I think the most beginner friendly games to bot in are those web mob games. They are usually based on a lot of repeated behaviour and you can easily automate that. They have the added advantage of being easy to interact with.
This requires programmers for consoles to actually interpret input differently than what's provided raw by the hardware. It's sorta lame, but if you think about how most all of the controllers are going to behave the same way, it does only require you to reinterpret input once.
To put this in perspective you guys remember the old Dreamcast controllers?
Yeah, these had joysticks that were actually off by a very specific degree if you pushed forward completely straight. As a result, input had to be interpreted differently somewhere along the line, but today, some emulators for this system don't actually take care of that. Every game you play where you have to move forward for an extended amount of time, you notice fast that you've moving maybe 3-5 degrees off your target path unless the developer took the time to straighten that out.
Any pointers as to where to start specifically?

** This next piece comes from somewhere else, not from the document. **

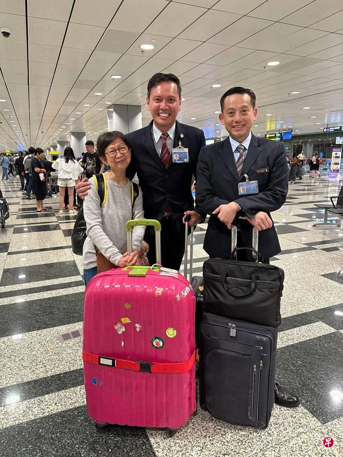 幸好,当时有两名热心的新航机组人员在经过我身边时,为我提供协助,帮我填写入境卡,让我顺利通关,还协助我认领行李,将我送到前来接机的亲人身边。如此暖心的举动,令我十分感激。在此,真心希望能借《联合早报》向两位新航机组人员表达感谢之情。

Say I follow Overv's suggestion and start with one of those. How do I figure out what to press, etc? As I assume it's not the as easy as just using PostMessage or SendInput to press the buttons you'd press yourself in a normal game... Or is it?
I'm totally new to something such as this, so far I've been working on making my own games, not interfering with other's.
You could also read the screen as an input, process that and generate keyboard/mouse output.
Which is the hardest bot to detect.
Minimap at 6x size! I bet you can't guess what the colored dots are for.
I was thinking, isn't it possible to make your own graphics library much like OpenGL and DirectX using the OpenCL API? You have access to the generic computing capabilities of the
CPUGPU, so technically you could implement your own rasterizer.